I was already shaking my head.
“That’s not going to happen,” I said. “I’m not doing this again. I’m done. I left on purpose. I don’t want this life. I don’t want to have anything to do with it. I’m sorry if that bothers you, but that’s the way it is. It’s not going to happen.”
Plus, I’d never, ever force Carolina into that.
“What about if I win?” he asked. “You’re not going to come to the inauguration?”
I shook my head. “No.”
Dad looked pissed then.
“This isn’t a death sentence, Saint,” he said. “Why the hell are you treating it like one?”
I didn’t know what he was talking about.
My hand tightened on Carolina’s inadvertently, and she squeezed back.
“It is a death sentence, though,” I said. “How many death threat letters did I get when I was a kid? How many fucking times did I have to go to school under full protection? How many times did I attend some function and then have to leave before I’d even gotten too far into it because of some stupid bomb threat to the building? I couldn’t go to movies. I couldn’t go to dances at the school. I was bullied so badly when my security detail wasn’t there over some fuckin’ policy that you wanted passed that I literally dreaded the days that they weren’t there. So no, I’m not doing it.”
Carolina let go of my hand then and took hold of my entire arm, sensing that I was on the verge of losing my shit.
“Come on.” Dad waved away my worries with a feeble sweep of his hand. “Your childhood was great. What kid can say he got to live at the White House?” He looked at Carolina then. “You don’t want this?”
“A few can say that, actually,” Carolina said, naming off at least twelve names that she knew were children during their parent’s presidency. “And no, I don’t want this. I probably wouldn’t really want it if I wasn’t with Saint. But now that I am, and I’ve heard his stories about his childhood, seen his struggles, I wouldn’t want that. Not for us, and not bringing a child up into it, either.”
“There are no children yet.” Dad again wrote off our words. “Y’all are being ridiculous. You’re not children anymore. So it doesn’t matter. You’re adults. You can deal with stuff better than you used to.”
So. Fucking. Stubborn.
“Not yet,” Carolina said. “As in, not this month. But in eight of them, there will be.”
That bomb dropped so delicately into the room around us that it was hard to breathe.
I looked down at Carolina to see a ‘whoopsie’ written all over her face, as if she hadn’t meant to reveal that, that I would’ve laughed had this not been so freakin’ serious.
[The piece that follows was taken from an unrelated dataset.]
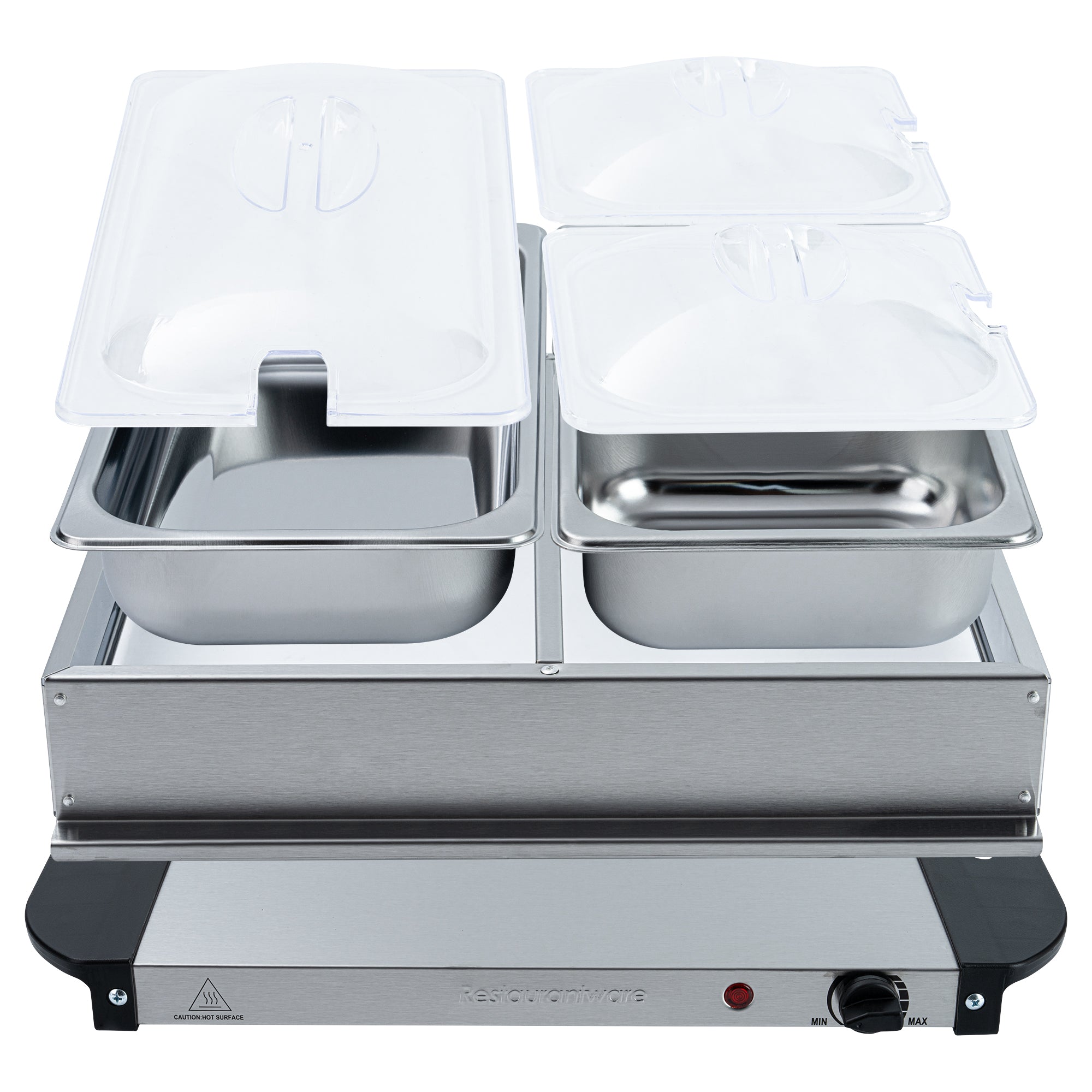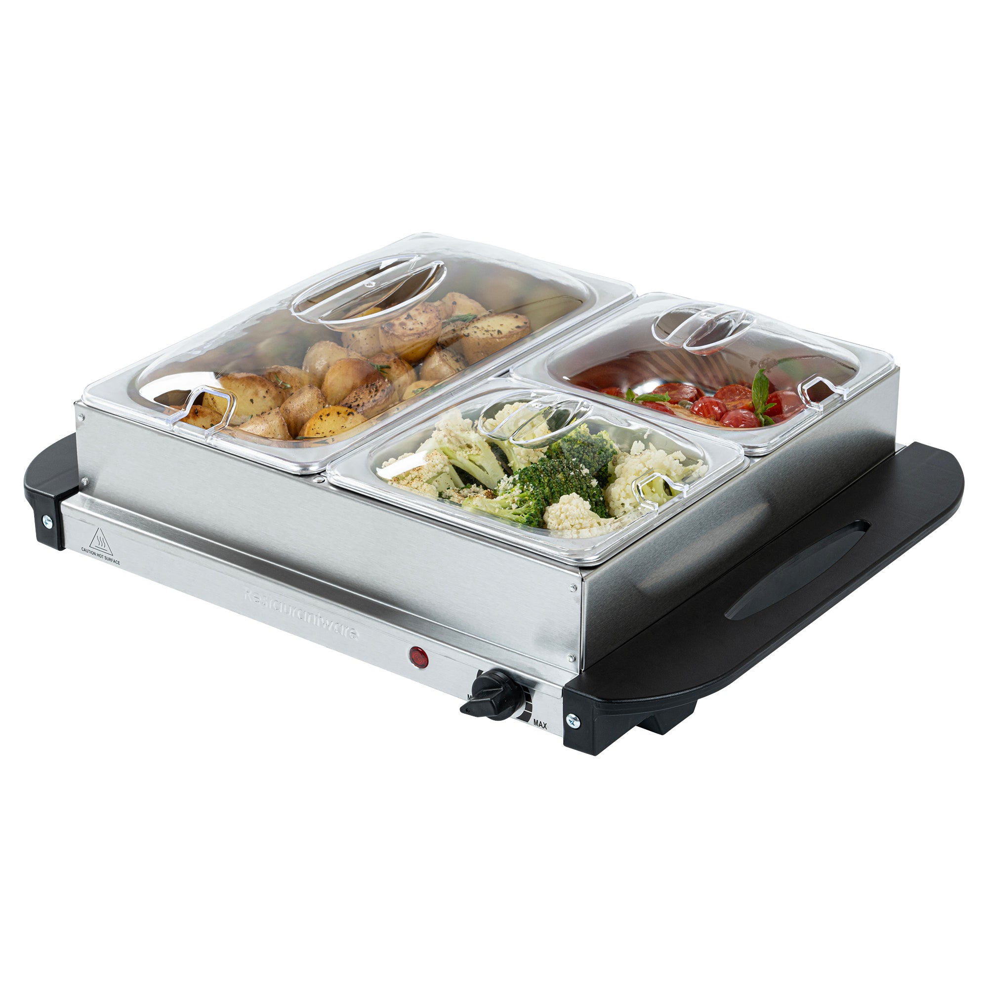 Optimize your foodservice experience with our Kitchen Tek Stainless Steel Buffet Server and Food Warmer. This electric food warmer operates on 120V, ensuring compatibility with standard outlets for convenient use. Featuring 2 buffet pans, each with a 1-quart capacity, and 1 additional larger pan holding up to 2.5 quarts, this commercial food warmer enables you to serve multiple dishes at once. With a precise temperature control knob, this portable food warmer allows for easy adjustments to maintain the desired warmth. To retain heat efficiently, this food warmer comes with a lid that ensures your food stays warm and ready to serve. The sturdy frame of this food warmer buffet holds the warming pans securely, preventing any movement during use. With attached side handles, this food warmer for catering is easy to carry and maneuver, ensuring safe and comfortable handling. The indicator light of this countertop food warmer provides a clear visual cue, showing when the unit is powered on and heating. Crafted from premium stainless steel, this buffet warmer ensures long-lasting durability, making it perfect for everyday use. This food warmer for parties measures 18.7 inches in length by 14.96 inches in width by 6.06 inches in height. Each order includes 1 warming unit and 3 buffet pans.

Dad sighed. “Just what we need. A scandal baby. An unmarried scandal baby. For the love of God, go get freakin’ married.”
My eye twitched.
With that last comment, I was done.
“All right, Dad,” I said. “Well, it’s been fun. I’ll see you next year.”
“Son…” Dad said, realizing he went too far.
But like I said, I really was done.
Not just this time, but for all future times, too.
Hell, I might not even go see him around the holidays anymore.
This was just getting too old.
Dad didn’t care. Never cared.
This was always the end result with him. His way or no way.
Carolina latched on to my arm just a little bit tighter and walked out with me.
I closed Dad’s door on his growled ‘come back here’ and kept walking to the end of the hallway where I could see the three men who’d given us privacy.
That’s when I turned back to see that there were two new men at the door.
“You heard?” I guessed. “That he’s planning to still run?”
They all nodded, but Brad was the one to speak.
“We’re all done,” he said. “We’re getting too old for this shit, and it’s obvious that he’s going to do this. I thought he wasn’t. He said he wasn’t. Then he started to think about how ‘good it would look’ and how many ‘people will feel pity for him.’ I should’ve never let your mother or your father’s advisor do that, which means that it’s time I’m done. If he’s doing this, he needs new people that can keep him safe.”
I agreed.
I also had a feeling that this wasn’t going to happen like my father thought it was going to happen.
Holding out my hand to the three men, they each shook it before I said, “Don’t be strangers, okay?”
Daniel patted my shoulder. “It’s time that I find a hot, sexy woman. I hear that your town has a lot of them.”
Carolina giggled then.
“I’ve heard that, too,” she teased.
Daniel pumped the air with his fist. “You’ll be seeing me at least.”
Brad was shaking his head. “I’ve actually found a job consulting with someone near you, anyway. Met a few people while I was down there. You’ll be seeing more of me.”